Fortunately the coastal path is well signposted as expected, even when land slippage has resulted in detours inland. Like all the best summits Golden Cap cons you into thinking it is closer and lower than you think. It’s no big deal in the scheme of things, certainly nothing compared to last years Lake District jaunts, but for my first walk in six months on a hot day the climb takes a bit out of me.

Purple Reign
Purple Reign

Luckily there are myriad reasons to break the ascent. Wild flowers carpet the hillside and the coastal views demand my attention in either direction.

Eastward Ho
Eastward Ho

The superior altitude of Golden Cap provides a perspective on the landscape not immediately apparent from lower down. It’s not just the bays either – the farmland to the north is compelling in its own way. The rolling hills have been worked for time immemorial although any sense of permanence is an illusion – coastal erosion means these fields are living on borrowed time.

I had better speed up then. The descent is steep but clean and smooth. There is no scree, no boulders, just soft smooth turf that makes walking a pleasure. There is a welcome cooling breeze but the landscape tells me this tranquility is not the norm…

Windswept tree
Windswept tree

From the highest point down to sea level at imaginatively named Seatown. There isn’t much here other than a shingle beach and a fine old pub but conveniently those are the only two things I crave for right now. A pint of something local and delicious allows time for me to air my abused feet and read another chapter of the travel writers booked I picked up from my own pub last week for 20p. I’m not a prolific reader but I like to read about places I am travelling to, or in this case places other people are travelling to. I may appear to be sat outside a Dorset pub but I am in fact sitting on an Italian commuter train engrossed in social contrivances as witnessed by the author.
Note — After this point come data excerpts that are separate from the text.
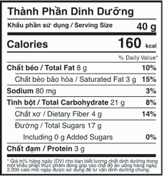→ Chứa hạt điều, hạt bí, đậu phộng, cacao – những người dị ứng cần lưu ý.
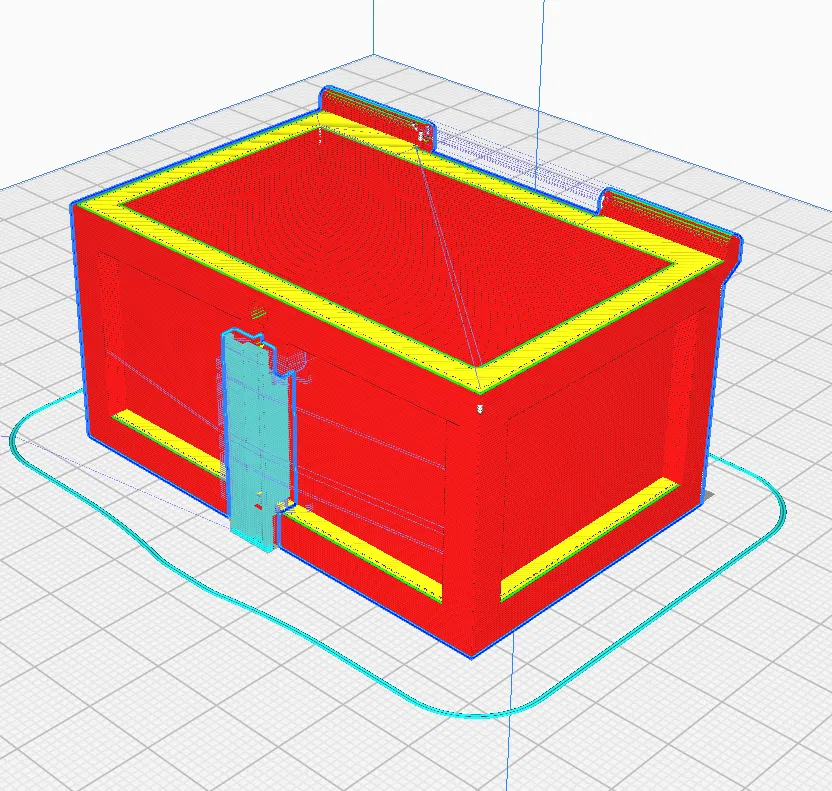 Phần nắp thì nếu anh em "cân" được mấy chỗ overhang thì không cần support đâu. Tuy nhiên, tui vẫn khuyên anh em nên dùng tree support như hình nha. Phần đáy thì anh em chỉ cần dùng custom support cho cái chỗ bỏ chìa vô thôi như hình (nhớ bật bridging nha), hoặc đơn giản là support hết mấy cái cạnh để nhìn cho nó "nuột".
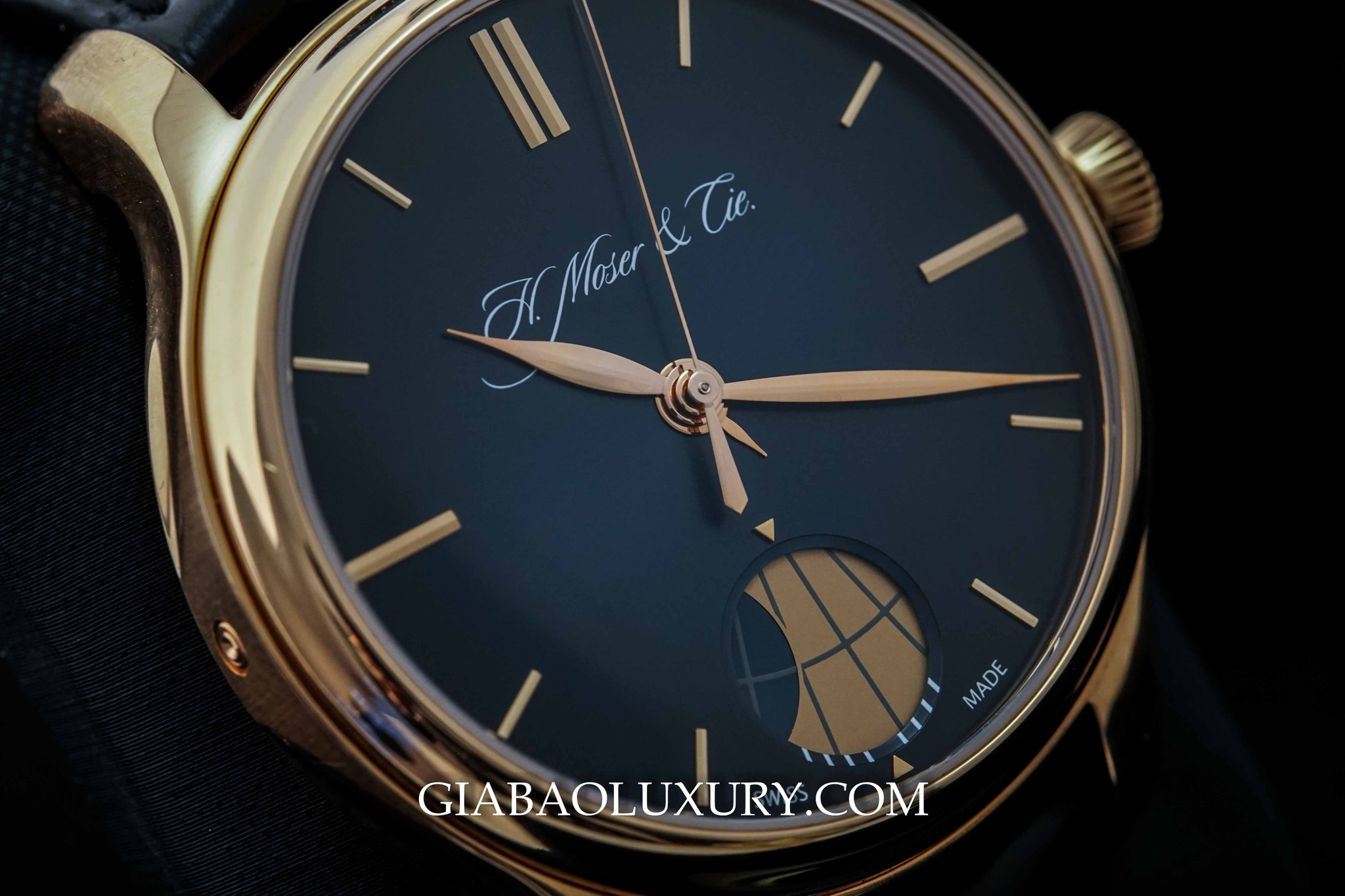 Có chiếc đồng hồ H. Moser chỉ còn độc kim giờ và kim phút (chiếc H. Moser Purity phiên bản kỉ niệm nước Nga với mặt số khói màu đỏ), còn chiếc H. Moser & Cie này bố cục không đến nỗi đơn giản đến thế.

Every hiker knows that feeling after the lunchtime pub stop when the stiff limbs are called upon to scale the next hill. The next peak is a shadow of Golden Cap but doesn’t feel it. The view back east provides some reward at least.

View East
View East

My destination is West Bay and now it is visible ahead, prodding out beyond the cliffs, actual distance unknown.

View to West Bay
View to West Bay

As the path descends gently into West Bay I come across a bench (thankfully nobody died to get this one erected) and I consume the nectarine I purchased back in Lyme. I often ponder the improbable journeys undertaken by fruit. Somebody grows a plant in southern Europe or South America, the goods are harvested, shipped to Northern Europe, distributed regionally by lorry and bought by locals (or visitors like me). It seems reasonable to expect the purchaser to take said item of fruit home and fulfil its anticipated destiny, but further fruit miles may be incurred as in today’s coastal relocation. I have been known to ferry fruit to and from work for several days before consigning it to my compost bin in a state of decay. If reports are to be believed the British public compound their under-consumption of fruit by chucking a quarter of it away uneaten. All in all it amounts to a contrived voyage that may or may not conclude digestively.

I blame my dalliance with fruit miles on the boredom one has to deal with when awaiting a bus in a place that has less attraction than the time available demands. West Bay centres around a modest marina of sorts. There’s a couple of cafes, a pub and a few fish and chip stalls for the tourists but that’s about it. My bus back to Lyme Regis runs every two hours and with 75 minutes to wait I read my travel book in a bus shelter with a cup of coffee as the rain arrives. I’m tired, achy and just want to get back.